#### [The data]
----
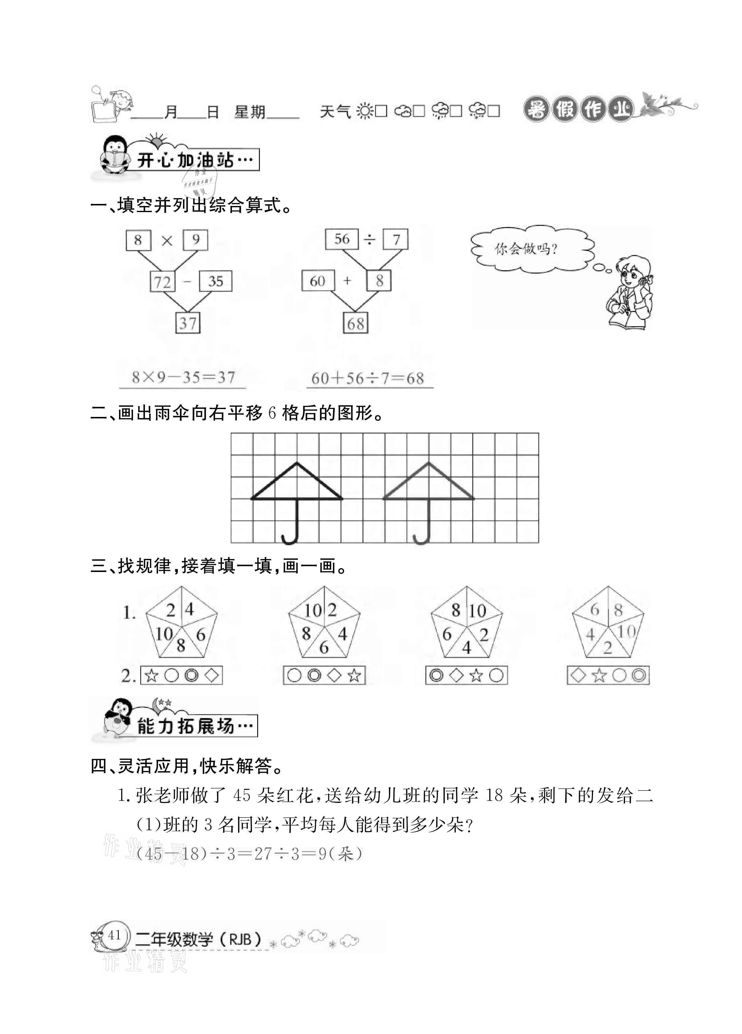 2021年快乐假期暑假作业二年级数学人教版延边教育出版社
----
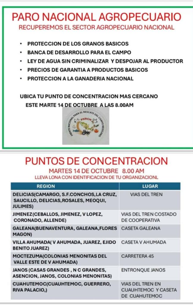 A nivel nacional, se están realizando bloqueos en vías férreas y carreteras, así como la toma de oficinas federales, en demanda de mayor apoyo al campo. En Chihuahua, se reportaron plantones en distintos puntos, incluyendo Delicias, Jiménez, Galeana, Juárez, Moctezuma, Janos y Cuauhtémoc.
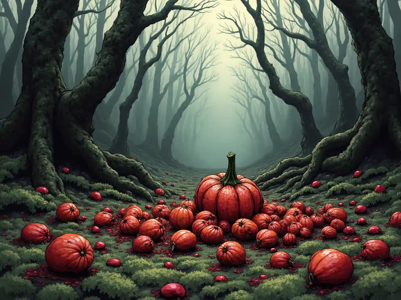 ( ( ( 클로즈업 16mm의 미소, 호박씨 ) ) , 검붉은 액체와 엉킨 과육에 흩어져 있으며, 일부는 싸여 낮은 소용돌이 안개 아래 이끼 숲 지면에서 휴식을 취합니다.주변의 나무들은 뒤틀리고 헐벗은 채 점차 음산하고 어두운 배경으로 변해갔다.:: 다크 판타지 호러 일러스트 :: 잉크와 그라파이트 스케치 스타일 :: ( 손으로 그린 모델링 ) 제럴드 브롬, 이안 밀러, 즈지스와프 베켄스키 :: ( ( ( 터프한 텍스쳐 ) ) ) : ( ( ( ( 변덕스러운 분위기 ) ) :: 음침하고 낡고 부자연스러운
----
#### [How to complete this task]
The lines to reproduce run from the one above containing "A nivel nacional, se" through the one containing "( ( ( 클로즈업 16mm의". Copy them exactly and leave out all pictures.

#### [Task result]
 A nivel nacional, se están realizando bloqueos en vías férreas y carreteras, así como la toma de oficinas federales, en demanda de mayor apoyo al campo. En Chihuahua, se reportaron plantones en distintos puntos, incluyendo Delicias, Jiménez, Galeana, Juárez, Moctezuma, Janos y Cuauhtémoc.
 ( ( ( 클로즈업 16mm의 미소, 호박씨 ) ) , 검붉은 액체와 엉킨 과육에 흩어져 있으며, 일부는 싸여 낮은 소용돌이 안개 아래 이끼 숲 지면에서 휴식을 취합니다.주변의 나무들은 뒤틀리고 헐벗은 채 점차 음산하고 어두운 배경으로 변해갔다.:: 다크 판타지 호러 일러스트 :: 잉크와 그라파이트 스케치 스타일 :: ( 손으로 그린 모델링 ) 제럴드 브롬, 이안 밀러, 즈지스와프 베켄스키 :: ( ( ( 터프한 텍스쳐 ) ) ) : ( ( ( ( 변덕스러운 분위기 ) ) :: 음침하고 낡고 부자연스러운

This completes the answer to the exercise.